Hospital Station
- First edition cover
- Author: James White
- Language: English
- Series: Sector General
- Genre: Anthology
- Publisher: Ballantine
- Publication date: 1962
- Media type: Print (hardback & paperback)
- Pages: 192
- Preceded by: none
- Followed by: Star Surgeon

= Hospital Station =

Book by James White

Hospital Station is a 1962 science fiction book by British author James White, the first volume in the Sector General series.

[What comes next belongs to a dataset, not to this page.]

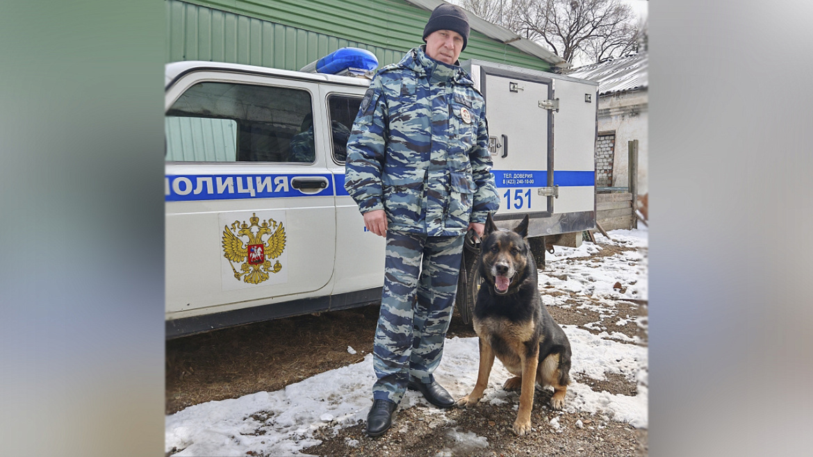 Служебный пёс по кличке Ефим помог полицейским Уссурийска задержать подозреваемого в краже труб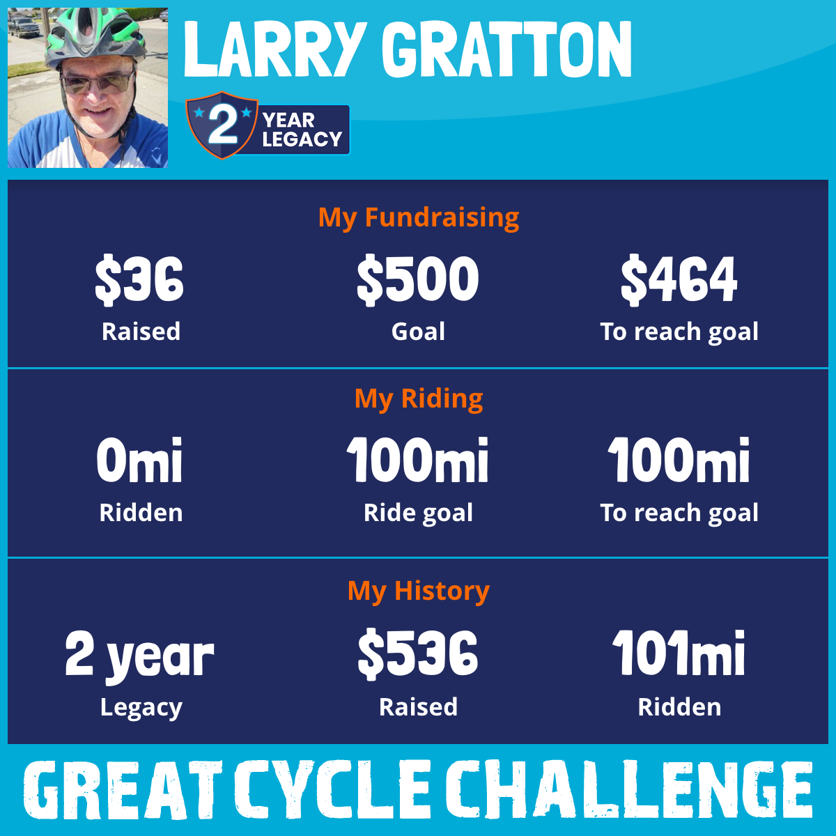 I am riding 100 mi for my friend, Carolyn and others. Please sponsor me and support my challenge to fight kids' cancer and save little lives.

The book collects together a series of five short stories previously published in New Worlds magazine between 1957 and 1960.

== Stories ==
- "Medic" – During the construction of Sector 12 General Hospital, construction worker O'Mara is suspected of negligently causing the death of two alien workers. Pending an investigation he is restricted to quarters and given the aliens' child to care for.
- "Sector General" – The first story of the main series' narrative. Doctor Conway has spent two months on the station and is about to be confronted with several emergencies as well as his first educator tape.
- "Trouble with Emily" – Conway is ordered to assist with a project involving a large dinosaur-like alien, dubbed Emily (after Emily Brontë) for its supposed resemblance to Brontosaurus.
- "Visitor at Large" – A SRTT shape-changing alien runs amok in the hospital. Conway and a newly arrived Prilicla are enlisted to capture it.
- "Out-Patient" – Following the recovery of a badly injured alien from a wrecked ship, Conway must pursue a radical treatment.